On December 30, 2014, the weather forecast called for cool northeasterly winds, between 5 and 15 knots. A weather forecast for northeasterlies always raises concerns at Avalon because it may presage a Santa Ana, a kind of storm that typically occurs when onshore winds switch to warmer, more powerful offshore winds and the protected anchorages of the islands become exposed to them, sometimes with hurricane force. I have been through such storms while boating at Catalina and in the northern Channel Islands. Twice they have been so severe that the harbormaster called for everyone able to leave the anchorage to return to the mainland or seek alternative shelter. Once I rode out a Santa Ana in Santa Monica Bay. It was an exciting night for sure, with strong, warm winds and steep seas but my Cal 25 sloop handled it well. However, this time around, the weather forecast called for cool, mild winds, not warm, and there was nothing about seeking alternative shelter.
Avalon harbor has several hundred mooring buoys. Moorings for larger boats are amply spaced and on the outer edges of the mooring field. Moorings for smaller boats like ours are more densely packed and located toward the back of the mooring field. Some moorings are more exposed to Santa Anas than others. When we got the weather report we were on buoy 103, which would have been very exposed to the wind and waves, so I requested that we be allowed to move to a spot that was closer to the inside of the harbor. I was told that, while there were no “good” moorings still available, buoy 62 was open. This buoy was only marginally more protected and was in shallower water and closer to the seawall—not good if the seas were large and breaking. Still, I elected to move to buoy 62 because of its potential to be slightly more sheltered from the predicted wind direction. Because the forecast was for mild winds, I told myself, we were really only talking about comfort, not survival.

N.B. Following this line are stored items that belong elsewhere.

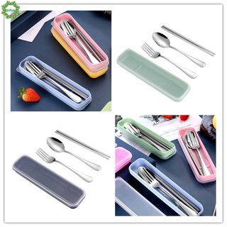 Bộ 3 món muỗng nĩa đũa ăn bằng thép không gỉ có hộp đựng
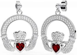 Diamond Garnet White Gold Claddagh Dangle Earrings
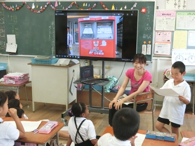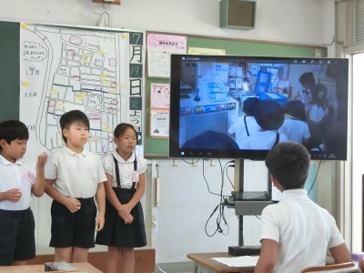 7月19日(火)2・3限、2年生では各学級ごとにICT機器を使って、6月30日に行った「町たんけん」の発表を行いました。

We decided that it would be best for my wife Tamara and the kids to move to a hotel ashore so they could get a good night’s rest. We took our dinghy dockside in calm weather at about 5 o’clock that afternoon, had dinner at Antonio’s Pizzeria & Cabaret, and then checked into the Glenmore Plaza Hotel. I spent some time with the family, said good night, and left for the dinghy dock at about 8 o’clock. While walking back I noticed a cold wind was up, well beyond the 5 to 15 knots that had been predicted, and the seas were already rough.